What are normal cholesterol levels?

Cholesterol levels vary from person to person, but in general the lower the LDL and non-HDL, the better, and higher the HDL, the better. Your blood cholesterol is measured in mmol/L, which stands for millimoles per litre.

You should aim to have:

  • total cholesterol 4mmol/L or less for those at high risk
  • non HDL-cholesterol of 3mmol/L or less for those at high risk
  • LDL-cholesterol of 2mmol/L or less for those at high risk

When should I be worried?

There’s no level of cholesterol at which we can say you will or won’t have a heart attack. Most doctors don’t base advice or treatment on cholesterol results alone unless you have familial hypercholesterolemia. That’s why the numbers above only refer to those at high risk. If you’re not at high risk, your doctor looks at cholesterol alongside other risk factors (usually part of a NHS Health Check), such as blood pressure and body mass index (your weight/height ratio), and lifestyle factors such as smoking, diet and physical activity.

What cholesterol level means I need medication?

'Cholesterol levels vary, but generally the lower the LDL and higher the HDL, the better

A decision about medication is based on all your risk factors, not just cholesterol.

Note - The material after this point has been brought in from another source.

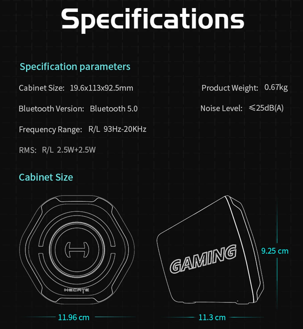 Детеныш футуристического дизайна и отличного качества звука наследует последовательную эстетику дизайна HECATE и стремление к качеству звука. 2,5 дюймов полный частотный диапазон, алюминиевом Задающий блок, мощностью 10 Вт и 15o высоты дизайн принимаются для того, чтобы удовлетворить игроков в погоне за дизайн продукта, качество звука и взаимодействия с пользователем.

A cardiovascular risk assessment predicts your risk of heart attack or stroke in the next 10 years. The computer programme that predicts it is called QRISK, so you may hear your doctor talk about a ‘QRISK score’. If it suggests a 10 per cent risk or higher, you may be offered dietary advice and drug treatment (usually a statin) to help lower your cholesterol. The treatment is usually long-term. Increasingly, we are looking at an individual’s lifetime risk, rather than just a 10-year risk, and basing the advice on that figure. You can get an idea of your lifetime risk, or ‘heart age’, by using the online Heart Age Tool, which was developed by the BHF with Public Health England.

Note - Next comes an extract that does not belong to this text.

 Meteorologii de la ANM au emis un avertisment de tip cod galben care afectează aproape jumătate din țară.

If you already know your cholesterol levels, that will make the tool more accurate. If you have already developed heart disease, then taking statins has been proven to reduce your risk of a heart event, even if your cholesterol levels aren’t high.

Can I control my cholesterol through diet, without taking medication?

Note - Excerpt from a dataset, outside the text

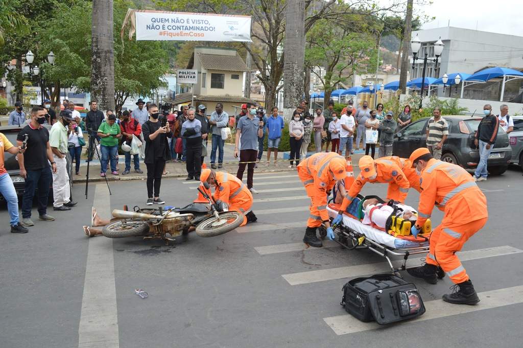 MANHUAÇU (MG) - A Prefeitura de Manhuaçu, através do Departamento Municipal de Trânsito, participou de simulação de acidente, ocorrida na manhã desta sexta-feira (24). As atividades foram realizadas em frente à Matriz de São Lourenço e fazem parte das mobilizações em decorrência da Semana Nacional do Trânsito, que compreende de 18 a 25 de setembro. Corpo de Bombeiros e Polícia Militar são parceiras neste projeto.

Eating lots of fruit and vegetables, whole grains (especially oats), and beans and lentils can help lower your cholesterol. You can also help by losing weight, avoiding foods that are high in saturated fat, quitting smoking and being active. It’s important to understand that though lifestyle measures can help, in some circumstances you may still be recommended to take medication as well. If you’re concerned about taking medication, discuss this with your doctor.

What’s changed when it comes to cholesterol?

We now have some very good studies from the 1990s and onwards, which show that those who have had a heart attack will reduce their risk of having another one by taking a statin. People who haven’t had a heart attack, but are at high risk of one, can also reduce their risk by taking a statin. Because we know more about the different types of ‘bad’ cholesterol, you’re now much more likely to be told about non-HDL cholesterol, rather than just LDL and HDL cholesterol. And these days, cholesterol tests don’t usually require you to fast beforehand.

We now know more about the inherited nature of high cholesterol in some people – in particular, an inherited condition called familial hypercholesterolaemia (FH), which causes very high cholesterol levels, and if left untreated can cause heart attacks at a young age. The BHF has funded a great deal of this research, as well as helping to implement nationwide screening, which means that people with FH can be identified at a young age and offered treatment to reduce their heart attack risk.